***** PROVIDED INFORMATION *****

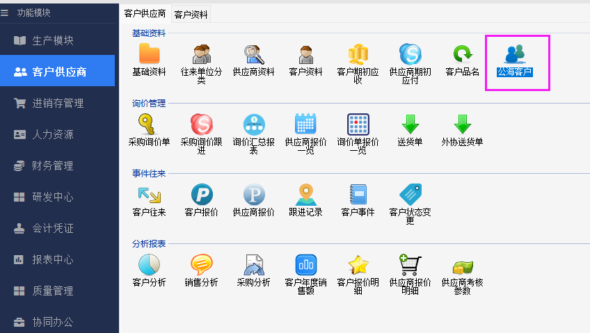 注意:【公海客户】与【客户资料】【供应商资料】共同关联一家公司,若新增某家公司时提示重复,需要注意检查这三个模块及它们对应的回收站。
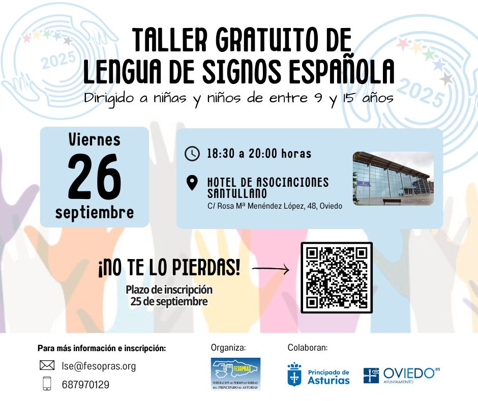 - Taller Básico de Lengua de Signos Española, para mayores de 16 años: martes, 23 de septiembre.
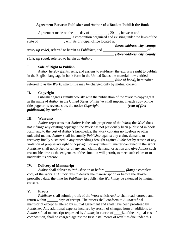 Agreement to Co Publish Book Form Fill Out and Sign Printable PDF
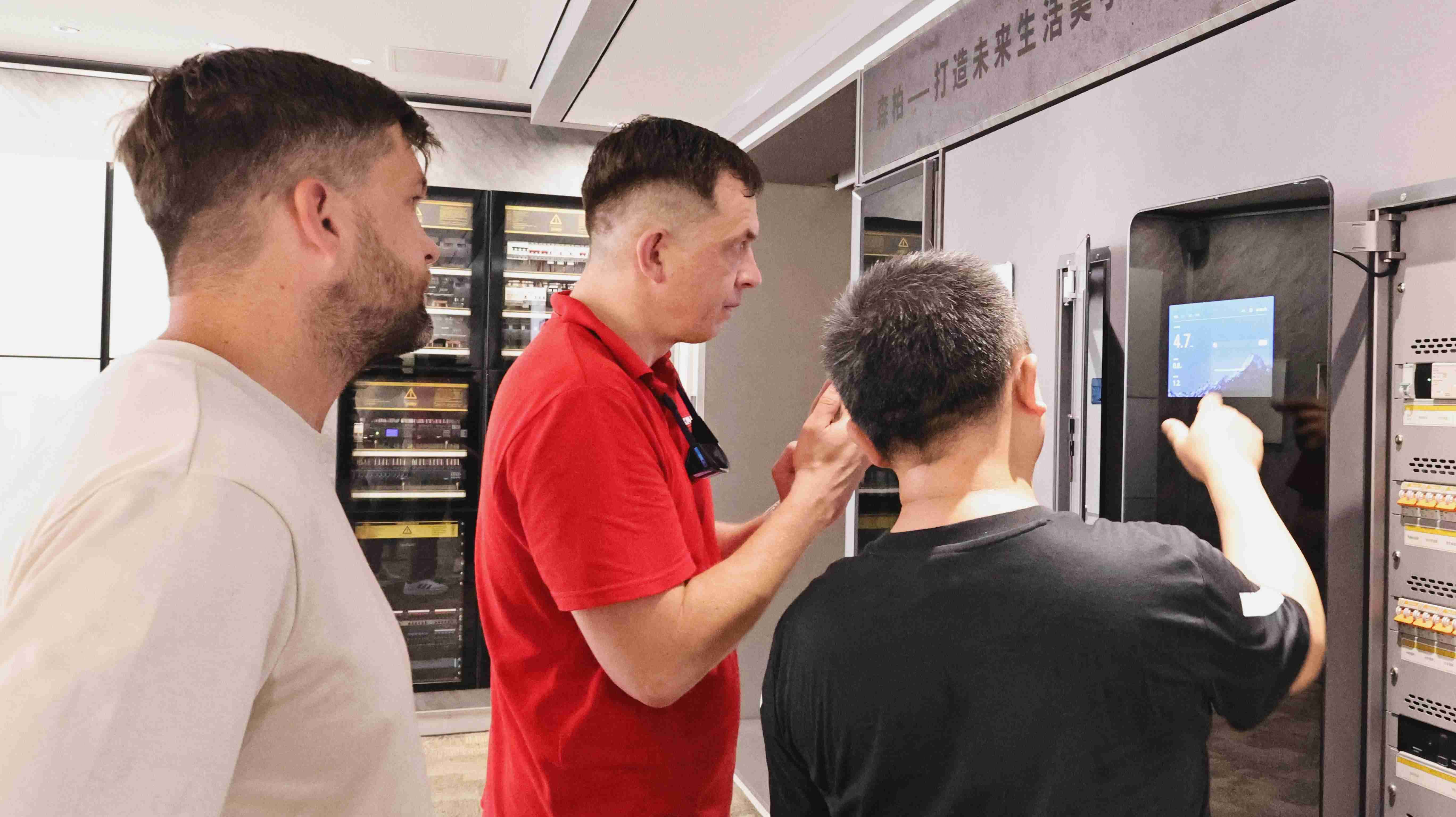 在總經(jīng)理的陪同下,VDKplus公司代表走進展廳與車間,近距離觀看瑪徳克全系列產品與技術應用案例,雙方對國內與俄羅斯市場電氣標準差異、高端場景個性化需求、智能化配電趨勢等話題展開了討論。
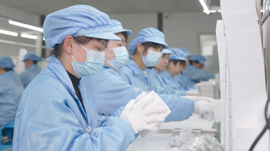 领普科技生产基地内,工人们正在忙碌
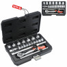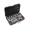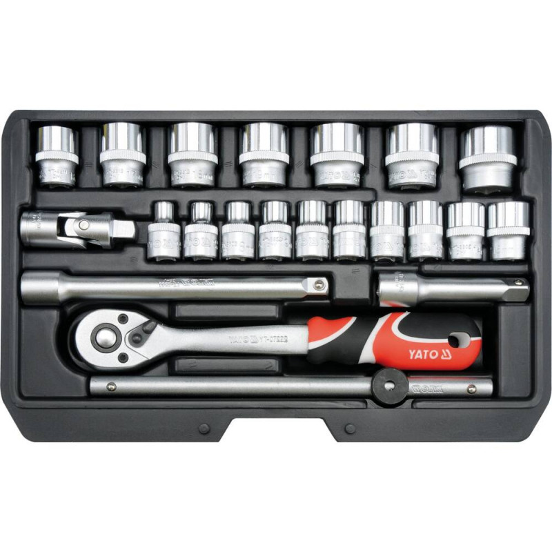 Zestaw YATO YT-38561 to wszechstronny zestaw kluczy nasadowych i akcesoriów, zaprojektowany z myślą o wymagających zadaniach serwisowych. W skład wchodzą nasadki, przedłużki, przegub Cardana, pokrętło typu "T" oraz grzechotka 3/8”. Dzięki solidnej konstrukcji zestaw sprawdzi się w pracy przy dużych obciążeniach.
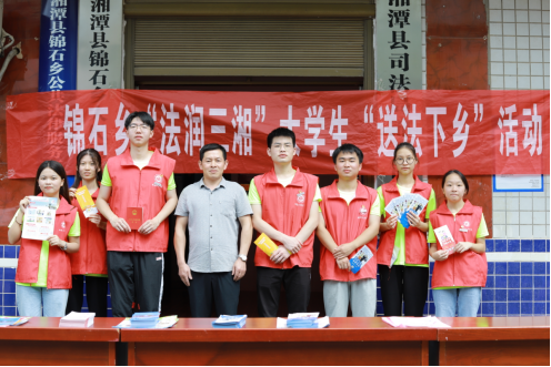 为进一步提高了群众法律意识,增强了群众法治观念,365英国上市应用技术学院赴湘潭县锦石乡“莲乡莲韵”发展成就观察团在当地派出所、司法所、禁毒办、信访办等部门的协助下,积极开展“法润三湘”大学生普法志愿者“送法下乡”宣传活动。

*****

DIRECTIONS FOR THIS TASK = In the copy, include exactly the lines from the one with "Zestaw YATO YT-38561" through the final line of the entries above, both ends counted, and no pictures.

YOUR SOLUTION =
 Zestaw YATO YT-38561 to wszechstronny zestaw kluczy nasadowych i akcesoriów, zaprojektowany z myślą o wymagających zadaniach serwisowych. W skład wchodzą nasadki, przedłużki, przegub Cardana, pokrętło typu "T" oraz grzechotka 3/8”. Dzięki solidnej konstrukcji zestaw sprawdzi się w pracy przy dużych obciążeniach.
 为进一步提高了群众法律意识,增强了群众法治观念,365英国上市应用技术学院赴湘潭县锦石乡“莲乡莲韵”发展成就观察团在当地派出所、司法所、禁毒办、信访办等部门的协助下,积极开展“法润三湘”大学生普法志愿者“送法下乡”宣传活动。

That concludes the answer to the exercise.